The ETS is central to the EU’s efforts to tackle climate change, but has been suffering from chronically low prices that are insufficient to drive low-carbon investments.
To fix the market, the European Commission had proposed reforms starting in 2021, designed to reduce a surplus of two billion carbon credits on the market which have caused low prices.
Today’s parliamentary vote backs earlier implementation of the reforms, starting in 2018, and contains additional measures to tackle surplus allowances.
EID chairman Utz Tillman was unequivocal in his criticism of the the Environment Committee of the European Parliament for the introduction of the market stability reserve (MSR) for 2018 in European emission trading.

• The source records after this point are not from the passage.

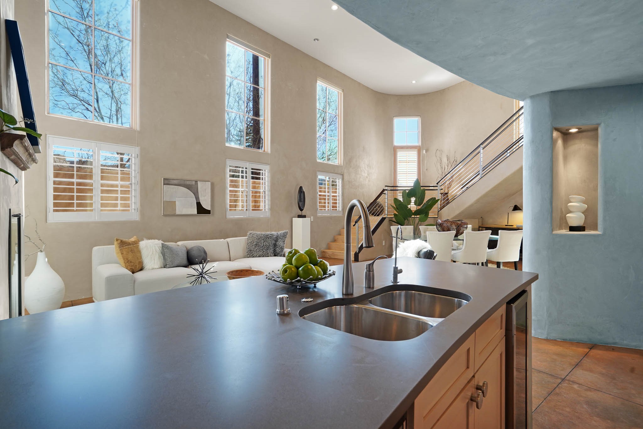 Stylish and thoughtfully designed, this light-filled condo is just steps from Kaune's neighborhood market and within walking distance of many of Santa Fe's most beloved destinations. Blending modern comfort with timeless Southwest charm, this home is ideal for those seeking convenience, elegance, and versatility. A private, gated front courtyard shaded by graceful Aspen trees welcomes you home--offering a peaceful spot to savor your morning coffee or unwind in the evening. Inside, the open-concept main level features soaring ceilings, expansive windows, and American clay walls that beautifully reflect the natural light. A gas log fireplace adds warmth and ambiance, while the chef's kitchen showcases high-end appliances and a spacious island, perfect for gathering with friends or family.The first floor also includes a comfortable guest bedroom and full bathroom, providing privacy and ease for visitors. Upstairs, a sunlit landing offers a serene space for a home office or cozy reading nook. The primary suite serves as a tranquil retreat, complete with a sleek ensuite bathroom and picturesque views. A dedicated laundry space in the primary closet adds everyday convenience. Designed for low-maintenance living, this home is an ideal lock-and-leave option. Enjoy year-round comfort with radiant heat, central air conditioning, and a two-car garage. Zoned RAC for multi-purpose use, the property also offers unique flexibility in one of Santa Fe's most sought-after locations. Schedule your showing today and discover the very best of Santa Fe living.
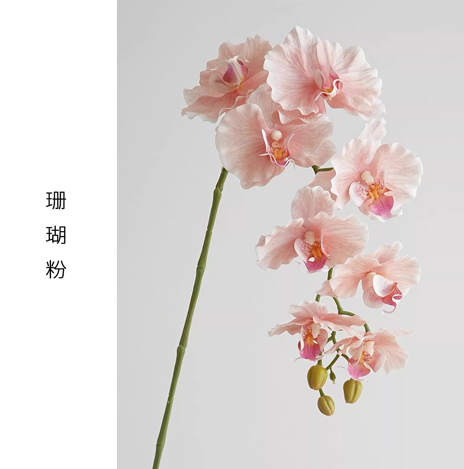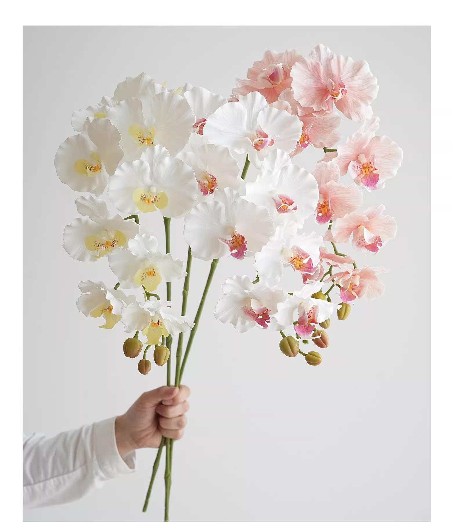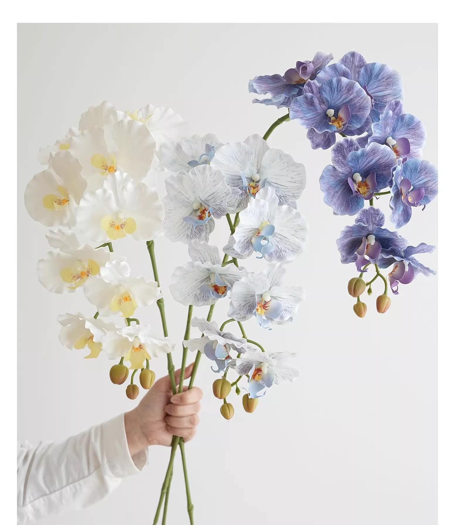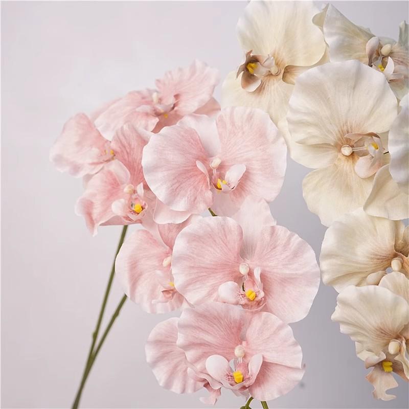 9 Phalaenopsis de estilo europeo flor artificial tela de seda decoración de auditorio de boda hogar suave arreglo floral de boda decoración de sala de estar
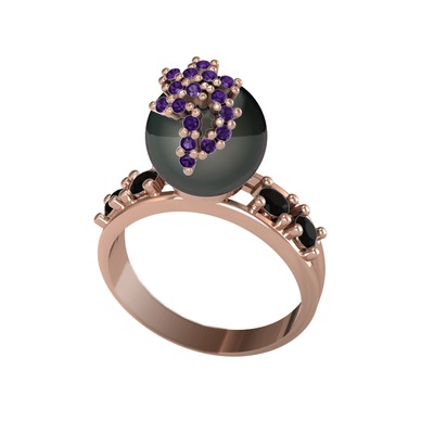 Siyah inci, ametist ve siyah zirkon 8 ayar rose altın yüzük
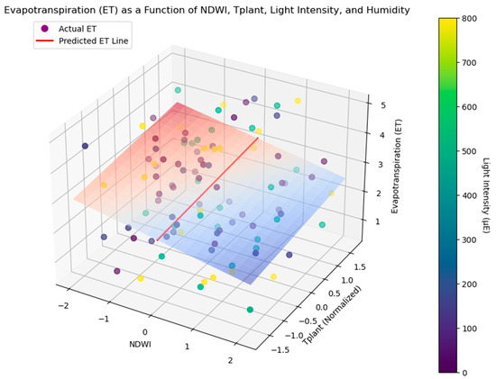 Light intensity amplified these effects, with the strongest correlations observed under high light conditions (D: 800 µE). This suggests that light-driven photosynthetic activity and stomatal behavior play a critical role in modulating ET under stress. The regression model for ET, which explained 74% of the variance, highlights the combined influence of NDWI, Tplant, and light intensity on transpiration dynamics. The inclusion of interaction terms further revealed that the effects of NDWI and Tplant on ET are more pronounced under drought stress, emphasizing the need to consider environmental and physiological interactions in crop stress studies.
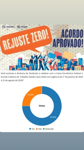 As empregadas e empregados da Caixa Econômica Federal, titulares do Saúde Caixa, aprovaram a proposta de Acordo Coletivo de Trabalho (ACT) específico do plano de saúde em assembleias realizadas por sindicatos da categoria em todo o país. Do total de votantes no sistema centralizado pela Contraf-CUT, 65,84% foram favoráveis ao acordo. O acordo foi aprovado em todas as capitais e nas grandes bases sindicais, exceto em Belo Horizonte. A deliberação foi realizada de forma remota, por meio de plataforma eletrônica de votação, das 19h de terça-feira (11), às 14h desta quarta-feira (12). Aposentados e pensionistas titulares do plano também participaram do pleito. O resultado não inclui as bases do Seeb/SP, Seeb/BA e Seeb/ES, que utilizam sistema próprio de votação.

The commission proposed the MSR to remove surplus credits from the market at set trigger points. This is designed to reduce price volatility and help push market participants onto a more cost-effective decarbonisation pathway.
In an email statement to Power Engineering International, he said the MSR is neither reconcilable with emission trading nor conducive to climate protection.
“The market stability reserve is a setback for the political acceptance of emission trading in Europe and for investments. The MSR is not what its name suggests. This step makes a functioning market for allowances in Europe unpredictable and could cause high costs for energy-intensive companies, which are impacted the most.”
As the MSR brings an increase in allowance prices and, consequently, also in electricity prices, the German EID sectors (construction materials, chemistry, glass, non-ferrous metals, paper and steel) could be faced with extra costs of EUR4.6bn per annum.
According to Tillmann, industry highlighted the cost problem in the discussion but this issue was not given enough attention. He thinks that the Environment Committee’s decision shows compromise but does not solve the cost problem.
EID spokesman Klaus Windhagen (director-general of the German Pulp and Paper Association/VDP) emphasised that the market stability reserve is unnecessary for climate protection.
“The climate goals of the European Union are fully achieved without the MSR. Another market intervention is only meant to drive up allowance prices. We fear an even stronger trend among companies to invest outside Europe, due to the lack of reliability in European energy and climate policy,” he said.
The EID also stated that companies should continue to receive full compensation for higher electricity prices. They maintain that otherwise there is a growing risk of production relocations to sites outside the European Union.
Tillmann pointed out that in its draft paper for the Energy Union, the EU Commission set the course for the future and urged EU institutions to strengthen the competitiveness of energy-intensive industries.
“One day before the Commission wants to present the Energy Union, the Parliament takes measures that put at risk our competitiveness. This simply makes no sense, and the Commission needs to respond to this.
Analysts say the reforms could see EU carbon prices more than double by 2020, to between €17 and €35 per tonne. Member states must still back any reforms to the ETS, however.
The commission said the reserve should start in 2021. Here’s how it would work:
· If the surplus of credits exceeds a trigger point of 833 million allowances, 12 per cent of the surplus is put into a ‘reserve’ – basically, a central bank for carbon credits.
· If the surplus drops below 400 million, the reserve puts 100 million credits back into the market at the next auction.
Britain’s main industry body does not appear to share the same sense of alarm about the reserve. Michelle Hubert, CBI Head of Energy and Climate Change, told Power Engineering International: “The Market Stability Reserve will be an important tool to give the EU ETS the capability to respond to future economic developments. In order to achieve holistic and long-lasting reform, we now need to see the right support for those industries that are facing competitiveness challenges within the EU.”